Payroll growth decelerated in December, but was still better than expected, a sign that the labor market remains strong even as the Federal Reserve tries to slow economic growth.
Nonfarm payrolls rose 223,000 for the month, above the Dow Jones estimate of 200,000, while the unemployment rate fell to 3.5%, or 0.2 percentage points in below expectations. Employment growth was down slightly from November’s gain of 256,000, which was revised down 7,000 from the original estimate.
Wage growth has been below expectations, indicating that inflationary pressures may be easing. Average hourly earnings rose 0.3% for the month and 4.6% from a year ago. The respective estimates were for growth of 0.4% and 5%.
By sector, leisure and hospitality lead with 67,000 additional jobs, followed by healthcare (55,000), construction (28,000) and social assistance (20,000).
Stock market futures rallied after the release as investors look for signs that the employment situation is cooling and also leading to lower inflation.
“From a market perspective, the main thing they’re reacting to is the lower average hourly earnings number,” said Drew Matus, chief market strategist at MetLife Investment Management. “People are turning this into a one-trick pony, and that thing is whether it’s inflationary or non-inflationary. The unemployment rate doesn’t matter much if average hourly earnings keep falling.”
The relative strength in job growth comes despite the Fed’s repeated efforts to slow the economy, the labor market in particular. The central bank has raised its benchmark interest rate seven times in 2022 for a total of 4.25 percentage points, with more likely increases along the way.
Primarily, the Fed seeks to bridge a gap between demand and supply. In November, there were about 1.7 job vacancies for every available worker, an imbalance that has persisted despite Fed rate hikes. Strong demand pushed wages up, although they generally did not keep up with inflation.
The December wage data, however, could provide some encouragement that the Fed’s efforts are having an impact on demand.
“There are signs that things are moving in the right direction. We are seeing the impact of the blunt tools of monetary policy,” said Mike Loewengart, head of model portfolio construction for Morgan Stanley’s Global Investment Office. “I don’t think that’s going to deter the Fed from a few more increases in the future, but it’s definitely encouraging to see wage moderation.”
The decline in the unemployment rate came as the labor force participation rate edged up to 62.3%, still a full percentage point below what it was in February 2020, the month before the Covid-19 pandemic hit.

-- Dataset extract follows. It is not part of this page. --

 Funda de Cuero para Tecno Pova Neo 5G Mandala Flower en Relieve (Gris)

A more comprehensive measure of unemployment that takes into account discouraged workers and those in part-time jobs for economic reasons also declined, falling to 6.5%, its lowest level on record in a data set dating back to 1994. The overall unemployment rate is tied at the lowest since 1969.

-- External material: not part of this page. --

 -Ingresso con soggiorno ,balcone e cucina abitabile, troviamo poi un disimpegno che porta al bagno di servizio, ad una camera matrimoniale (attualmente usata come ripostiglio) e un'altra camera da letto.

The household employment number, used to calculate the unemployment rate, showed a huge gain for the month, rising by 717,000. Economists have been monitoring the household survey, which has generally lagged the number of establishments.

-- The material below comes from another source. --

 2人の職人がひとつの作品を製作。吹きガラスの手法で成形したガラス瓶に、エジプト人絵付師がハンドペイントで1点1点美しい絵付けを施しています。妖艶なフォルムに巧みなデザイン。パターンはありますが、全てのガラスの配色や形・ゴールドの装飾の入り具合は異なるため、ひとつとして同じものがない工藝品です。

The United States heads into 2023 with most economists expecting at least a shallow recession, the result of Fed policy tightening aimed at curbing inflation, still near its all-time high 1980s. However, the economy ended 2022 on a strong note, with GDP growing at a rate of 3.8%, according to the Atlanta Fed.
At their last meeting, Fed officials noted that they were encouraged by the latest inflation readings, but that they will need to see continued progress before they are convinced that inflation is falling and that they can mitigate rate hikes.
As things stand, markets largely expect the Fed to hike rates another quarter-percentage point at its next meeting, which ends Feb. 31. 1.